Question

When a particle of mass m moves on the x-axis in a potential of the form $V\left(x\right)=k{x}^2$. It performs simple harmonic motion. The corresponding time period is proportional to $\sqrt{\frac{m}{k}}$, as can be seen easily using dimensional analysis. However, the motion of a particle can be periodic even when its potential energy increases on both sides of $x=0$ in a way different from $k{x}^2$ and its total energy is such that the particle does not escape to infinity. Consider a particle of mass m moving on the x-axis. Its potential energy is $V\left(x\right)=\alpha x^4(\alpha >0)$ for |x| near the origin and becomes a constant equal to $V_0$ for $|x|\ge X_0$(see figure).
The acceleration of this particle for $|x|>X_0$ is?

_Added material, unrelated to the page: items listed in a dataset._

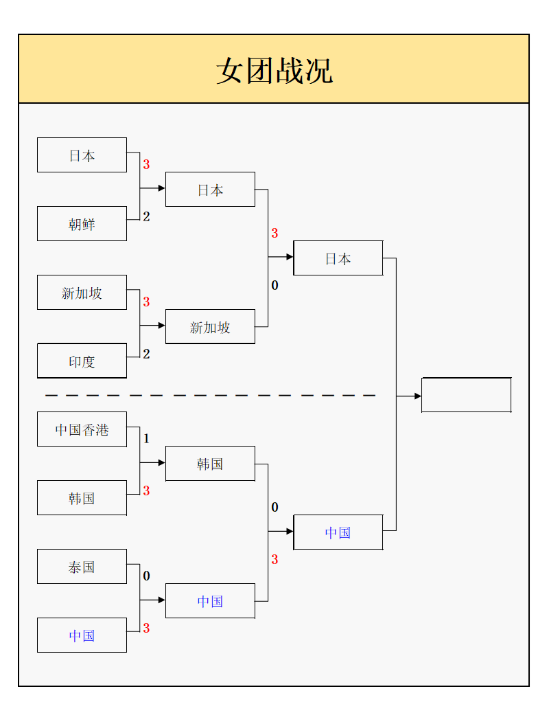 日本3-0新加坡:张本美和3-1舒麟茜、桥本帆乃香3-0曾尖、大藤沙月3-0黎明映。
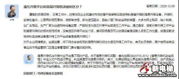 液壓升降平臺和簡易升降機(jī)有啥區(qū)別?總局回復(fù)!
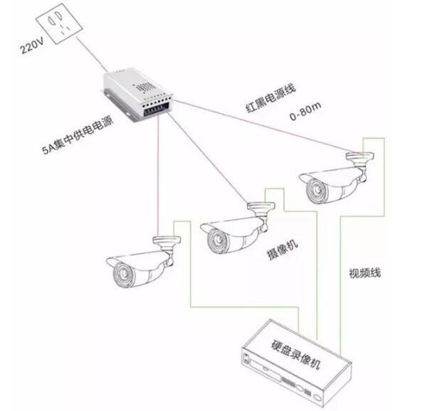 通常懂的人都知道集中供電模式是在 220V 電源處接 12V 集中電源一個(gè),再用 2*1.0 紅黑電源線分別接給攝像頭,12V 供電距離不可超過(guò) 100 米。在接個(gè)單個(gè)電源線接頭,再把單個(gè)電源線接頭和監(jiān)控?cái)z像頭電源接頭相連接即可。集中供電方式是指在監(jiān)控室或某個(gè)中間點(diǎn)采用 12V 開(kāi)關(guān)電源向前端負(fù)載集中供電。與獨(dú)立供電模式相比,最大的差別在于一個(gè)電源可以為多個(gè)攝像機(jī)提供電力供應(yīng)。
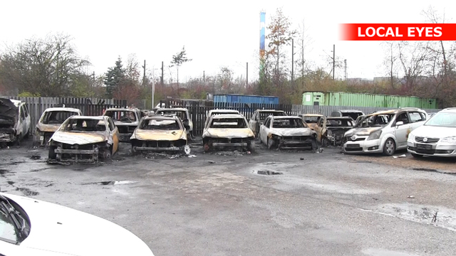 En voldsom bilbrand hærgede en bilforhandler på Rugvænget i Taastrup, over 10 biler forsvandt i branden.
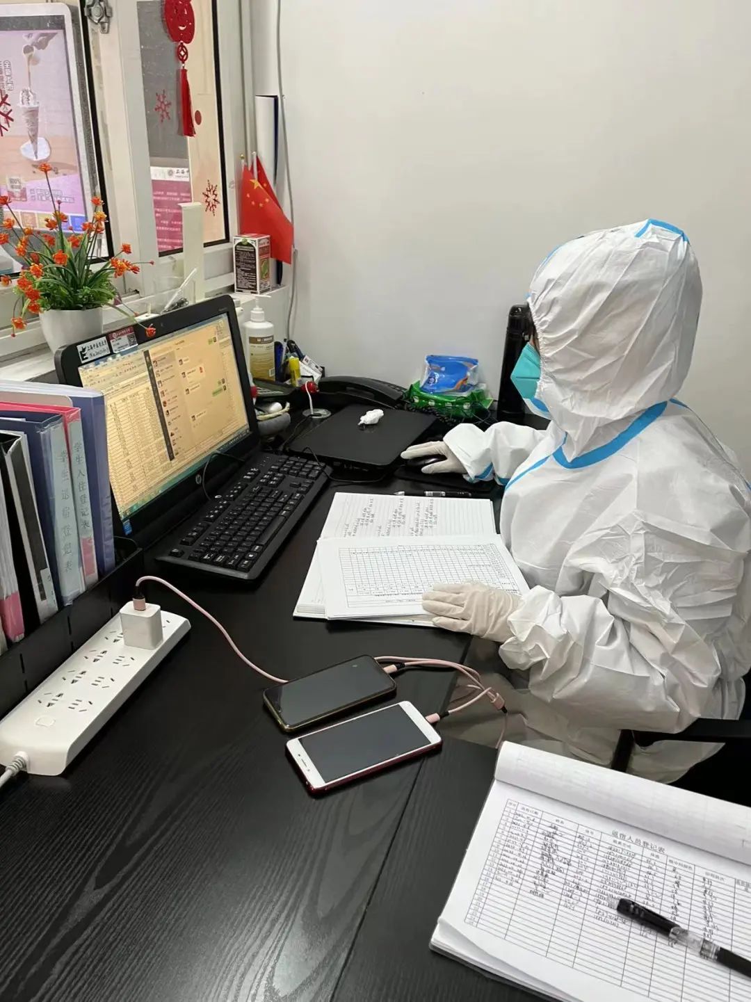 徐汇宿舍区物业的姚琴不仅每日负责文件收发、上传下达、物资发放工作,还认真督促员工按时完成核酸检测和抗原自测,定时报告公寓消杀、物资储备情况,做好记录和反馈,确保事事到位,每一个环节无差错。有段时间天气骤变,温差较大,她担心师傅们晚上受凉,特地送去了棉被。疫情期间的工作虽然辛苦,但同事间的关怀互助,温暖着每个人的心,彼此的距离也更加亲近了。

• A. Proportional to $V_0$
• B. Proportional to $\frac{V_0}{m{X}_0}$
• C. Proportional to $\sqrt{\frac{V_0}{m{X}_0}}$
• D. Zero

Answer 1

The correct option is D Zero

For $|x|>X_o$

Potential energy becomes almost constant. Thus, no change of velocity occurs. So, acceleration then is ${}^{\prime }{0}^{\prime }$